(Saved entries)
- - -
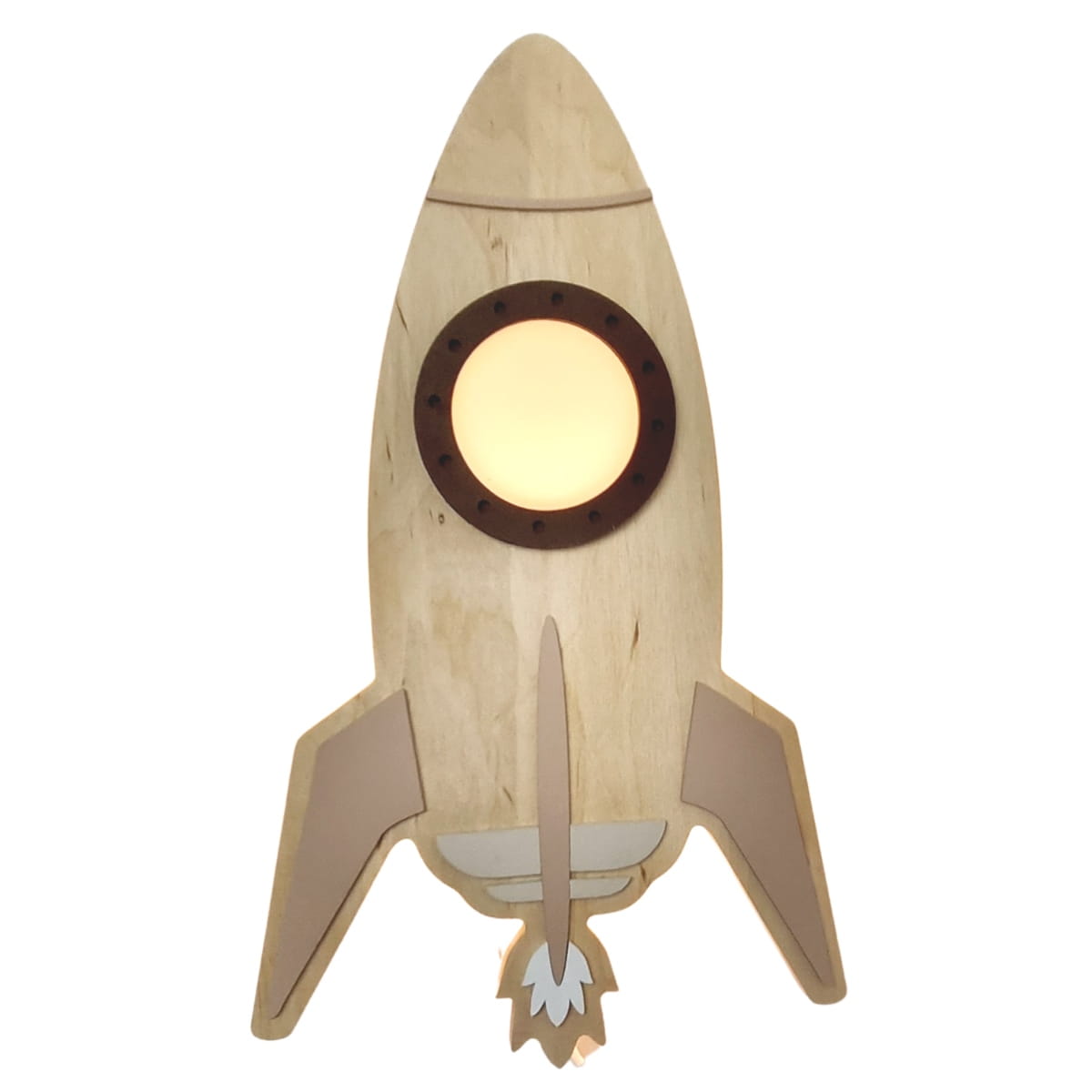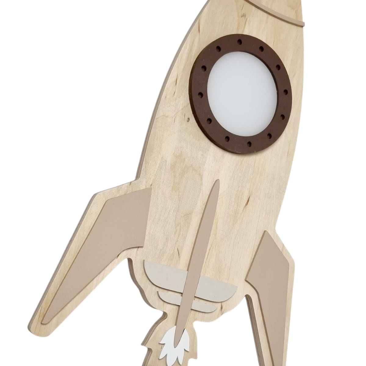 Drewniana lampka LED w kształcie rakiety to świetny wybór dla rodziców, którzy szukają pięknego, bezpiecznego i praktycznego oświetlenia, które rozświetli dziecięce marzenia o kosmicznych przygodach.
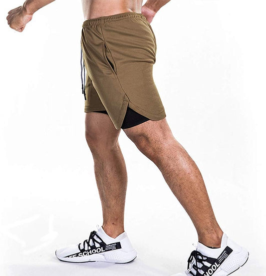 Men'S 2-In-1 Bodybuilding Workout Shorts Lightweight Gym Training Short Running Athletic Jogger with Zipper Pockets
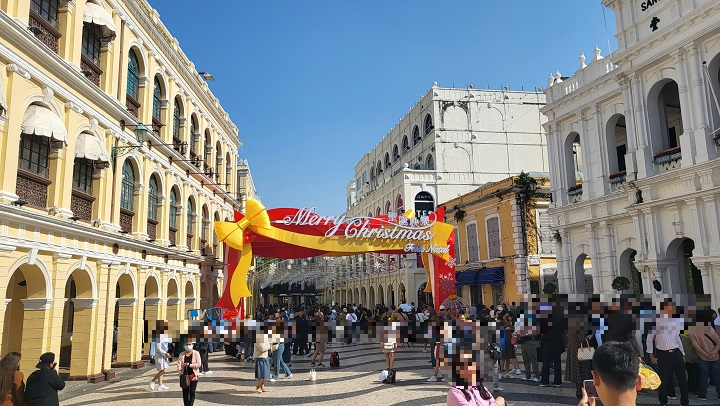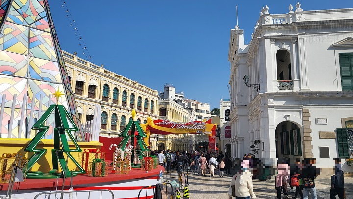 첫 번째는 바로 세나도 광장입니다. 마카오 역사지구의 첫 출발지가 되기도 합니다. 제가 방문했을 때는 크리스마스 분위기가 한창이었습니다. 마치 유럽을 연상시키는 건축물을 따라 걷는 것만으로도 행복한 경험이었는데요. 특이한 것은 이 오래된 건물들을 모두 음식점, 상점 등으로 사용하고 있었습니다. 그만큼 관리를 잘하고 있다는 인상을 느꼈어요.
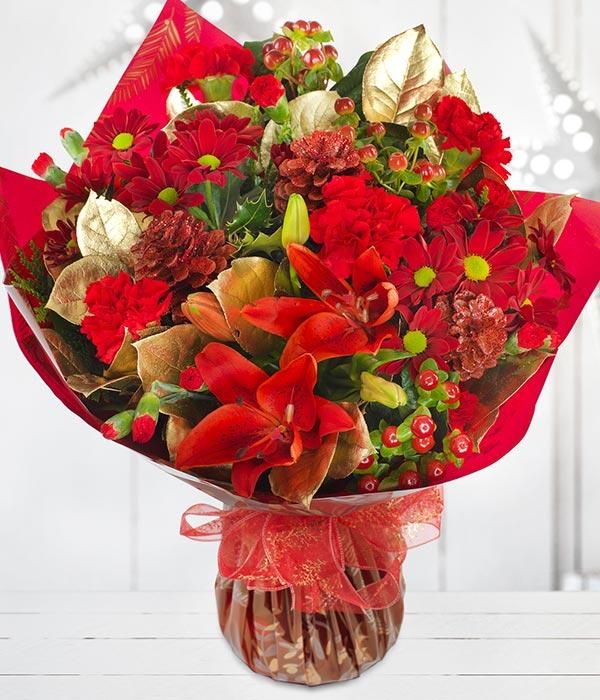 A festive collection of blooms come together to create this Berry & Bright bouquet, with deep red and glistening gold tones adding to the magic of Christmas.
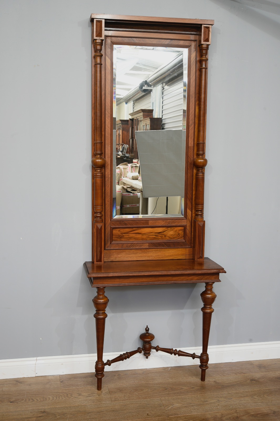 both are in great condition the console table has wonderful turned solid walnut legs with a ornate stretcher base the mirror again has a wonderful walnut frame with original bevel edged mirror again in great condition ,
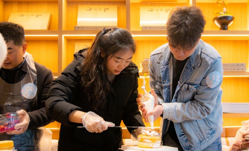 随后,“趣味游戏互动”环节点燃全场热情,团队协作的“不倒森林”、默契考验的“锦绣添香”及创意十足的“气球传杯子”,体验蛋糕DIY手工活动,不仅考验团队协作能力,还为青年们创造了更多互动机会。大家积极参与,在欢声笑语中拉近了距离。
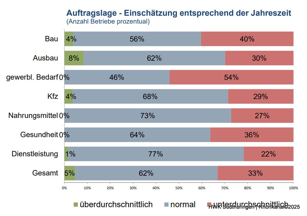 An der Konjunkturumfrage der Handwerkskammer Südthüringen im dritten Quartal 2025 beteiligten sich 512 Betriebe mit 5926 Mitarbeitern. Zum 30. September 2024 waren 6402 Handwerksunternehmen in der Handwerksrolle der HWK Südthüringen registriert.
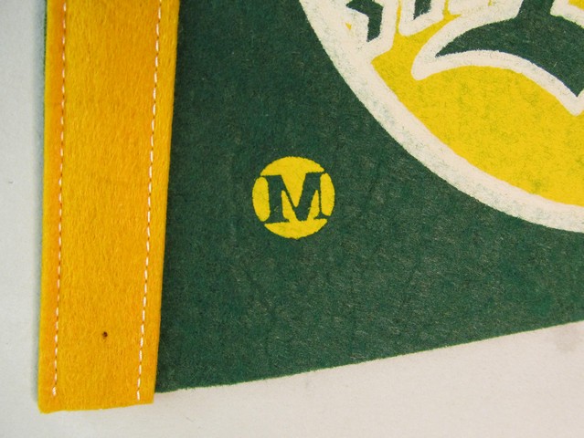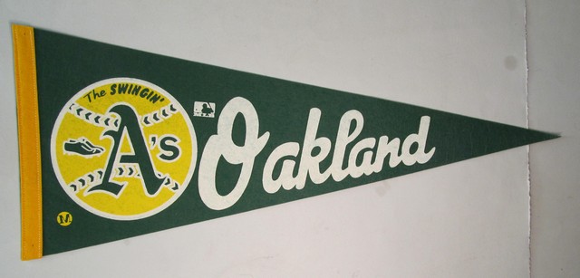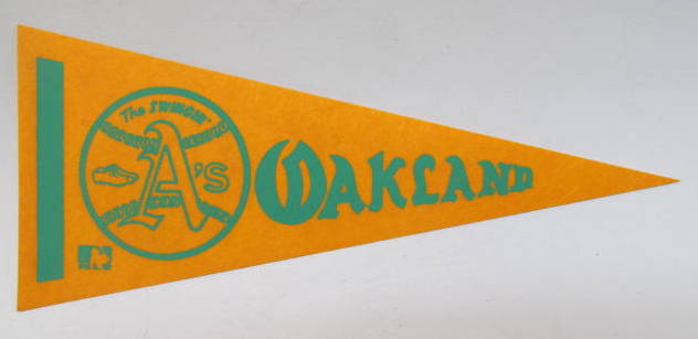 pennant. OAKLAND "The Swingin'" A's. white and yellow on green. golden yellow border. has unusual "M" baseball logo in lower left. tip intact. 1970's vintage. approx. 29.5" long. near mint to mint. 24.00
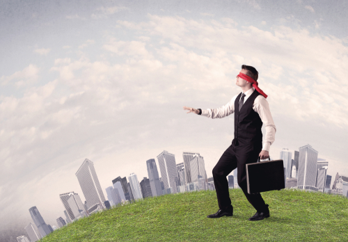 Young blindfolded businessman steps on a a patch of grass with a grey buildings in the background
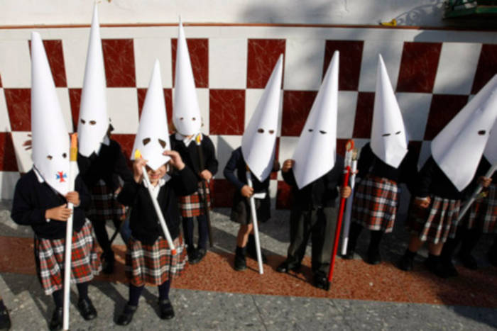 Colocarse el capirote o la mantilla (a veces confeccionados de forma casi profesional y otras veces recreados con cartón y bolsas de plástico) y desfilar en procesión por el patio del colegio e incluso por las calles más cercanas del entorno se había convertido en una actividad más en las vísperas de las Semana Santa en muchos centros escolares andaluces. Como ocurre con la programación vinculada a la Navidad, la dirección de los centros justifica estas representaciones como un reflejo de costumbres populares andaluzas más que como una celebración religiosa. Pero no todo el mundo lo ve así y la plataforma Sevilla Laica ha iniciado una campaña entre las familias para que muestren su rechazo a estas manifestaciones y fuercen su suspensión.
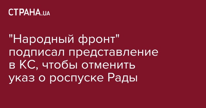 "Народный фронт" подписал представление в КС, чтобы отменить указ о роспуске Рады
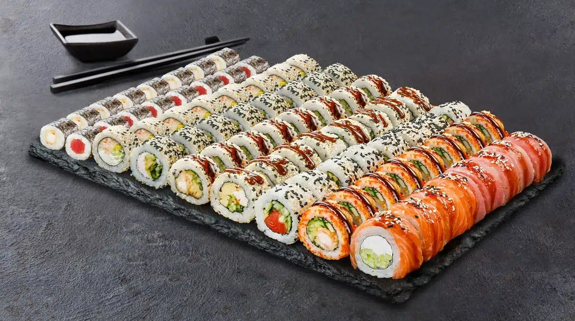 Великий святковий сет, що включає понад 9 позицій: Філадельфії, Каліфорнії, Кранчі, Макі.
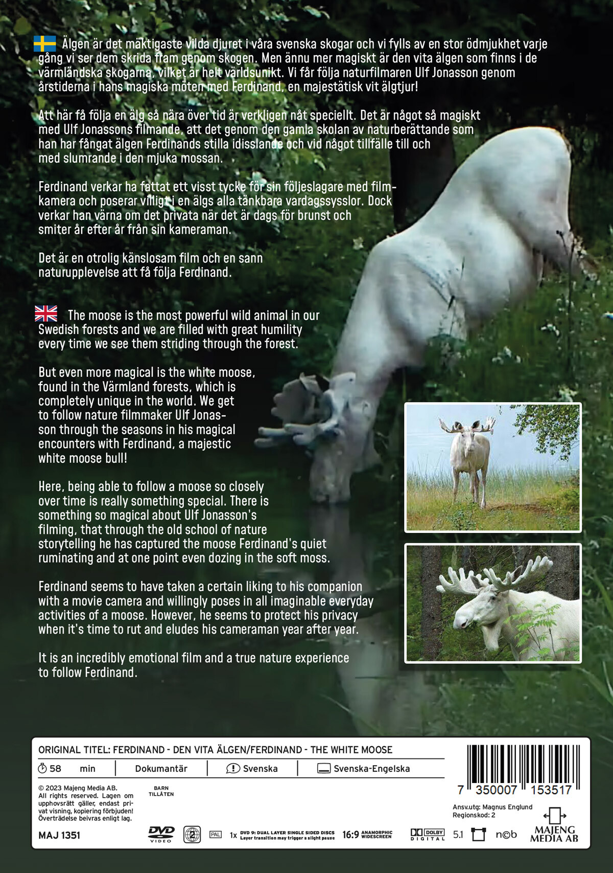 Elgen er det kraftigste vilde dyr i de svenske skove, og vi fyldes med stor ydmyghed, hver gang vi ser dem skride gennem skoven. Men endnu mere magisk er den hvide elg, der findes i de värmländska skove, som er unik fra hele verden. Vi kommer til at følge naturfilmskaberen Ulf Jonasson gennem årstiderne i hans magiske møder med Ferdinand, en majestætisk hvid elgtyr!
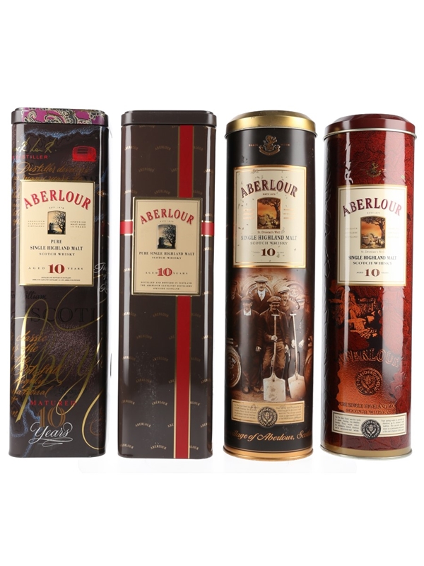 A selection of four empty Aberlour whisky tins, originally for the 10 Year Old expression. These were produced in the 1990s to 2000s.
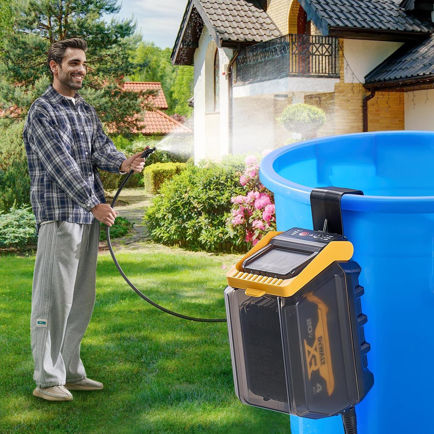 Portable Water Pump: This cordless submersible water pump enjoys the flexibility of cordless operation with compatibility for Dewalt 20V/4A batteries (not included). Whether at home, camping, or gardening, this pump provides convenient water support anytime, anywhere—no power outlets required.
- - -
> [Work required] Give the records above again verbatim, pictures omitted.

> [Answer box]
 Drewniana lampka LED w kształcie rakiety to świetny wybór dla rodziców, którzy szukają pięknego, bezpiecznego i praktycznego oświetlenia, które rozświetli dziecięce marzenia o kosmicznych przygodach.
 Men'S 2-In-1 Bodybuilding Workout Shorts Lightweight Gym Training Short Running Athletic Jogger with Zipper Pockets
 첫 번째는 바로 세나도 광장입니다. 마카오 역사지구의 첫 출발지가 되기도 합니다. 제가 방문했을 때는 크리스마스 분위기가 한창이었습니다. 마치 유럽을 연상시키는 건축물을 따라 걷는 것만으로도 행복한 경험이었는데요. 특이한 것은 이 오래된 건물들을 모두 음식점, 상점 등으로 사용하고 있었습니다. 그만큼 관리를 잘하고 있다는 인상을 느꼈어요.
 A festive collection of blooms come together to create this Berry & Bright bouquet, with deep red and glistening gold tones adding to the magic of Christmas.
 both are in great condition the console table has wonderful turned solid walnut legs with a ornate stretcher base the mirror again has a wonderful walnut frame with original bevel edged mirror again in great condition ,
 随后,“趣味游戏互动”环节点燃全场热情,团队协作的“不倒森林”、默契考验的“锦绣添香”及创意十足的“气球传杯子”,体验蛋糕DIY手工活动,不仅考验团队协作能力,还为青年们创造了更多互动机会。大家积极参与,在欢声笑语中拉近了距离。
 An der Konjunkturumfrage der Handwerkskammer Südthüringen im dritten Quartal 2025 beteiligten sich 512 Betriebe mit 5926 Mitarbeitern. Zum 30. September 2024 waren 6402 Handwerksunternehmen in der Handwerksrolle der HWK Südthüringen registriert.
 pennant. OAKLAND "The Swingin'" A's. white and yellow on green. golden yellow border. has unusual "M" baseball logo in lower left. tip intact. 1970's vintage. approx. 29.5" long. near mint to mint. 24.00
 Young blindfolded businessman steps on a a patch of grass with a grey buildings in the background
 Colocarse el capirote o la mantilla (a veces confeccionados de forma casi profesional y otras veces recreados con cartón y bolsas de plástico) y desfilar en procesión por el patio del colegio e incluso por las calles más cercanas del entorno se había convertido en una actividad más en las vísperas de las Semana Santa en muchos centros escolares andaluces. Como ocurre con la programación vinculada a la Navidad, la dirección de los centros justifica estas representaciones como un reflejo de costumbres populares andaluzas más que como una celebración religiosa. Pero no todo el mundo lo ve así y la plataforma Sevilla Laica ha iniciado una campaña entre las familias para que muestren su rechazo a estas manifestaciones y fuercen su suspensión.
 "Народный фронт" подписал представление в КС, чтобы отменить указ о роспуске Рады
 Великий святковий сет, що включає понад 9 позицій: Філадельфії, Каліфорнії, Кранчі, Макі.
 Elgen er det kraftigste vilde dyr i de svenske skove, og vi fyldes med stor ydmyghed, hver gang vi ser dem skride gennem skoven. Men endnu mere magisk er den hvide elg, der findes i de värmländska skove, som er unik fra hele verden. Vi kommer til at følge naturfilmskaberen Ulf Jonasson gennem årstiderne i hans magiske møder med Ferdinand, en majestætisk hvid elgtyr!
 A selection of four empty Aberlour whisky tins, originally for the 10 Year Old expression. These were produced in the 1990s to 2000s.
 Portable Water Pump: This cordless submersible water pump enjoys the flexibility of cordless operation with compatibility for Dewalt 20V/4A batteries (not included). Whether at home, camping, or gardening, this pump provides convenient water support anytime, anywhere—no power outlets required.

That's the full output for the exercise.